2016年には「日欧亜におけるコミュニティの再生を目指す移住・多文化・福祉政策の研究拠点形成」が、日本学術振興会の研究拠点形成事業(A.先端拠点形成型)に採択されました。国際文化学研究推進センターは、この事業実施の中核となり、海外8大学、国内4大学1研究所、および神戸大学内の他の研究科と連携しながら、移住・多文化・福祉政策に関する研究拠点の構築に取り組んできました。

他方で、地域連携においても取り組みの拡大は進み、神戸映画資料館や公益財団法人淡路人形協会といった地域の文化を支える学外諸団体との連携を深めてきました。2017年に国際文化学部が発達科学部と統合され国際人間科学部が設立されてからは、それに呼応して、観光まちづくりといった国際文化学研究科にとって新しいテーマにも取り組みの幅を広げてきました。

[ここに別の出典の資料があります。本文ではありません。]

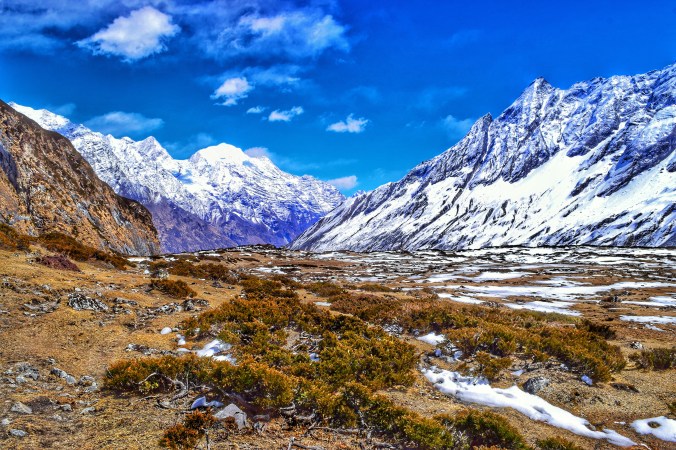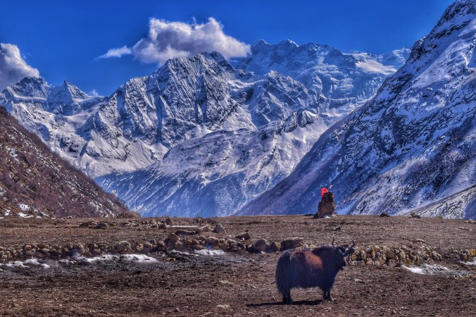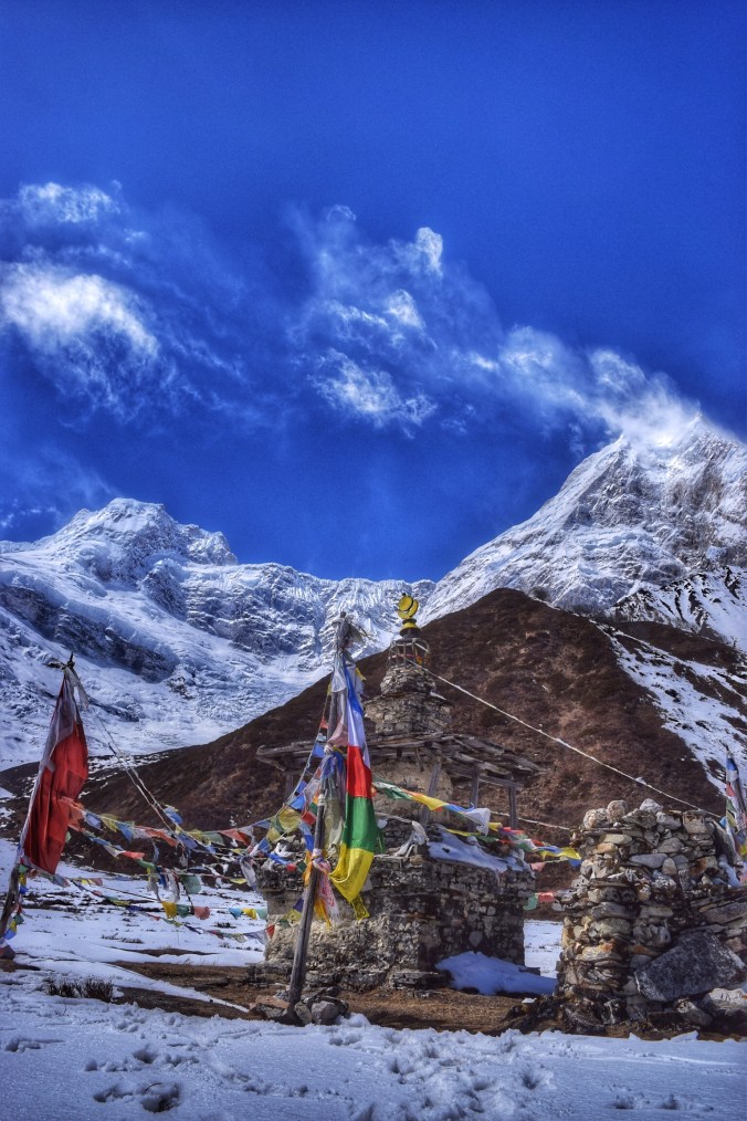 We were quite literally surrounded on every side by mammoth peaks – the great Himalayas. The uphill trek had flattened out into this expansive plateau at the top, a sanctuary of sorts as they say in the mountain world. From this vantage point we were able to take in the spectacular 360 degree panoramic view of the greats. I had lingered back from from our crew, Tek, Bhim, Travis, and Jan – taking photos of the yaks, and so I summited the last ridge before the plateau all by myself, with not another human in sight, and it quite literally took my breath and words away. Unabashedly, I admit that tears filled my eyes. How can one even begin to attempt to put into words the glory, the greatness, the majesty – the inconceivable size and beauty – that are the Himalayas? Few sights in my life have brought tears to my eyes like that. I was trying to understand what those tears meant. I felt happy, exceptionally happy. I felt like the world was speaking to me from her very core, her heart, through these, the tallest reaches of her hands. The beauty was overwhelming. To feel so small and insignificant, and yet to feel so honoured to stand at the feet of giants and have them cradle you in their eminence… it was a spiritual experience.

こうした一連の取り組みの展開を踏まえ、2022年4月、国際文化学研究推進センターは国際文化学研究推進インスティテュート(Research Institute for Promoting Intercultural Studies, Promis)に発展的に改組し、そのもとに移住・移民研究センターと地域連携センターを設置するとともに、研究開発部門、国際交流部門、重点研究部門の3基幹部門を置くことになりました。この新しい統合的組織のもとで、国際文化学研究推進インスティテュートは国際文化学研究科の研究プラットフォームとして、さらなる今後の取り組みを進めていきます。

シンボルマークの制定

2022年4月、国際文化学研究推進センターは国際文化学研究推進インスティテュートに改組し、2センター3基幹部門を擁する研究プラットフォームとして出発しました。組織はセンターからインスティテュートに変わりましたが、組織の略称としてPromisを引き続き使用し、これまで培ってきた理念とアイデンティティを引き継いでいく気持ちを新たにしました。この改組と継承をきっかけとして、わたしたちPromisの理念とアイデンティティを誰の目にもわかりやすく示すため、このたびシンボルマークを制定しました。気鋭のアートディレクター、グラフィックデザイナーである佐藤大介氏にデザインを依頼。2022年6月21日にお目見えしました。

シンボルマークとロゴマークとの組み合わせ例①

シンボルマーク:当組織の理念を象徴する画像
ロゴマーク:当組織の英文頭文字Promis

このシンボルマークは、Promisの頭文字であるPを吹き出しに見立て、この吹き出しをふたつ、上下に重ね合わせたかたちをしています。ふたつの吹き出しは、異なる者のあいだでの対話をイメージしています。対話がつねに成り立つとは限りません。しかしわたしたちは、対話の可能性を粘り強く探る努力を続けていきたいと願い、その願いをこのシンボルマークのなかに込めました。

組織紹介

移住・移民研究センター

地域連携センター

部門一覧

研究開発部門

国際文化学にかかわる研究開発、共同研究プロジェクト等の推進に関する業務、ならびに研究プロジェクトの研究成果の発信のための大型シンポジウムの企画・開催に関する業務を行います。

国際連携ネットワーク部門

外国の研究機関との連携に伴う研究者の招聘と派遣、協定校からの招聘教員の講演会・特別講義などの企画と開催、外国人研究者の受け入れに関する業務を行います。

重点研究部門

国際文化学に関わる研究プロジェクトのうち、重点的な研究プロジェクトの推進に関する業務を行います。